Scala：定义类型的构造函数中可以有协方差吗？

Question

I have the class Variable[X <: SeqVal[_]](initialState:Calc[X])

which I instantiate with new Variable[SeqVal[Float]](Max()) where Max is

case class Max(seq: Int = 0, value: Float = .0f) extends SeqVal[Float] with Calc[SeqVal[Float]] , and there are other case classes other than Max .

This does not compile even though Max does implement a variant of the trait Calc[SeqVal[_]] .
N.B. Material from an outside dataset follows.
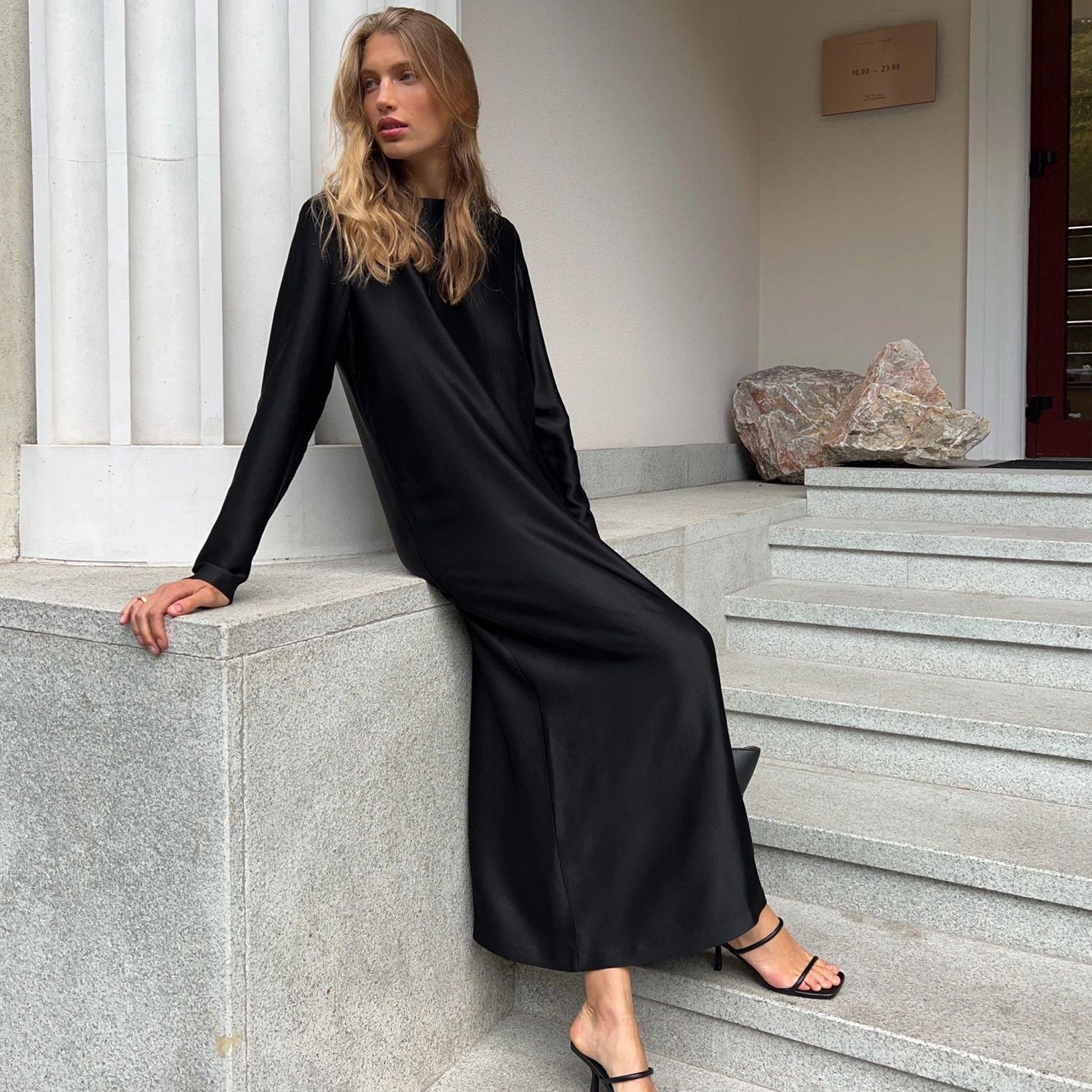 Vestido Base da Moda Europeia e Americana Outono e Inverno 2025, Vestido Longo Bodycon Drapeado de Cetim Fendado de Manga Longa Fashion
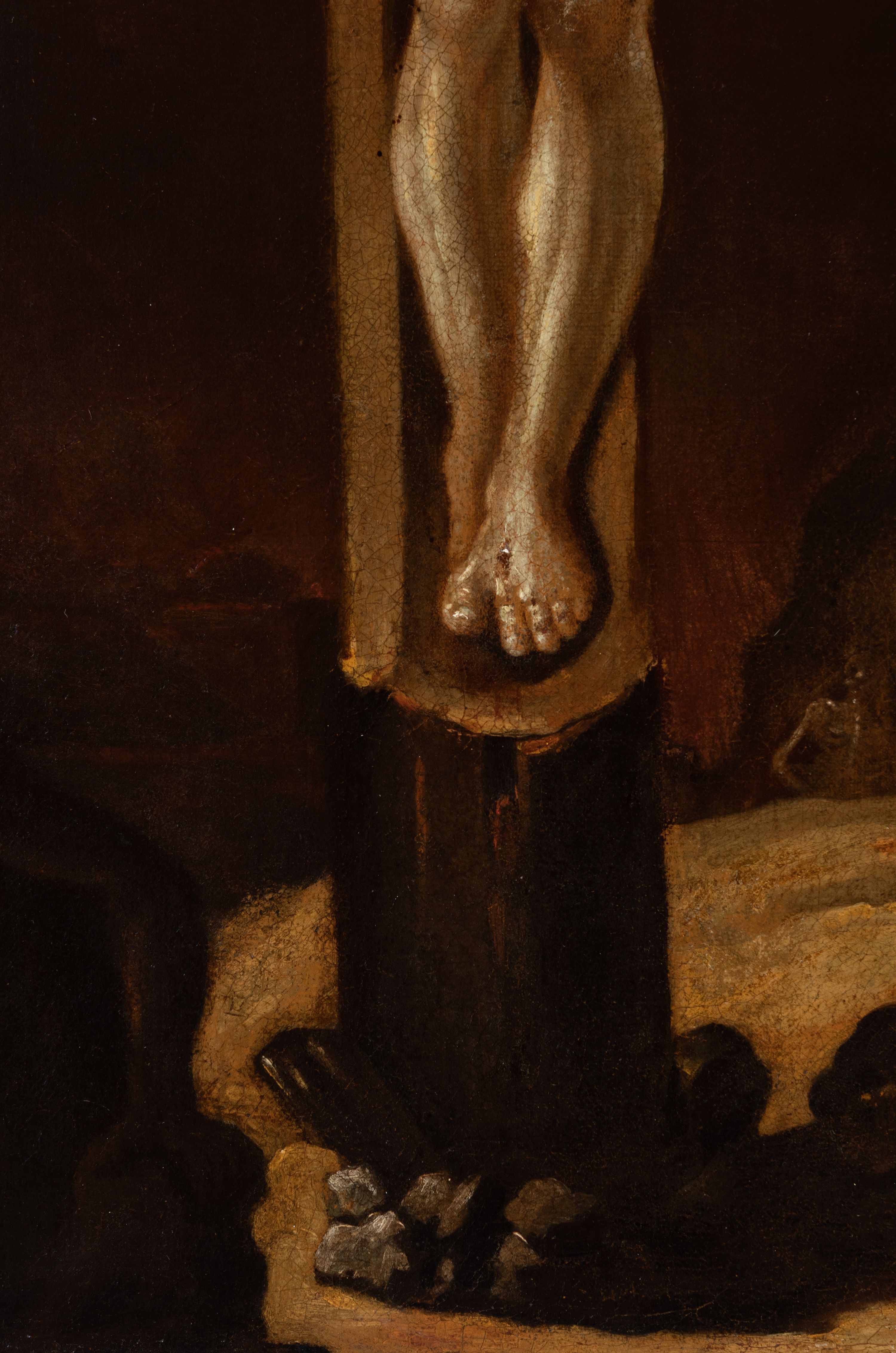 Obraz w formie stojącego prostokąta. W centrum krzyż o prostym zakończeniu belek z przybitą do niego trzema gwoździami postacią żyjącego Chrystusa. Ciało w lekkim zwisie, o szeroko rozłożonych ramionach, układających się łukowato, z uniesioną głową skierowaną w prawo, stopy skrzyżowane w układzie lewa na prawą. Twarz Chrystusa wychudzona, ze szklistymi oczami skierowanymi w górę, prostym nosem i pełnymi ustami; okolona krótką brodą i brązowymi włosami opadającymi na ramiona. Na głowie korona cierniowa. Ciało szczupłe, muskularne, zwłaszcza w partii ramion i nóg. Przez biodra ma przewiązane białe, krótkie, opadające perizonium, zawiązane na prawym boku, z rozwianym zwisem tkaniny. Pionowa belka krzyża zakończona tabliczką z napisem „IN /RI”, u dołu krzyża leży czaszka. W lewym dolnym rogu obrazu niewyraźna, wstająca postać. W prawym dolnym rogu kilka zarysowanych sylwetek postaci oraz kościotrupów na tle płomieni (dusze czyścowe?). Scena na tle brunatnego, cieniowanego nieba, z widocznym zaćmionym słońcem przy górnej krawędzi obrazu. Dzieło ujęte złoconą ramą, dekorowaną ornamentem geometrycznym i rozetami.

[error] ../Variable.scala:14: type mismatch;
[error]  found   : com.quasiquant.calc.Max
[error]  required: com.quasiquant.calc.Calc[com.quasiquant.calc.Price]
[error] Note: com.quasiquant.messages.SeqVal[Float] >: com.quasiquant.calc.Price (and com.quasiquant.calc.Max <: com.quasiquant.calc.Calc[com.quasiquant.messages.SeqVal[Float]]), but trait Calc is invariant in type X.
[error] You may wish to define X as -X instead. (SLS 4.5)
[error]   extends Variable[Price](Max(), initChildren)

I need help in trying to work out how I can change the bounding of initialState:Calc[X] so the initialState can be set to anything that implements Calc[X] (not just Max ). I would prefer it if i didn't have to add a second type parameter to all the instantiations of Variable

Answer 1

Here's the code I tried compiling:

trait SeqVal[T]
trait Calc[T]

class Variable[X <: SeqVal[_]](initialState: Calc[X])

case class Max(seq: Int = 0, value: Float = .0f)
    extends SeqVal[Float] with Calc[SeqVal[Float]]

object test {
    new Variable[SeqVal[Float]](Max())
}

Compiles without errors.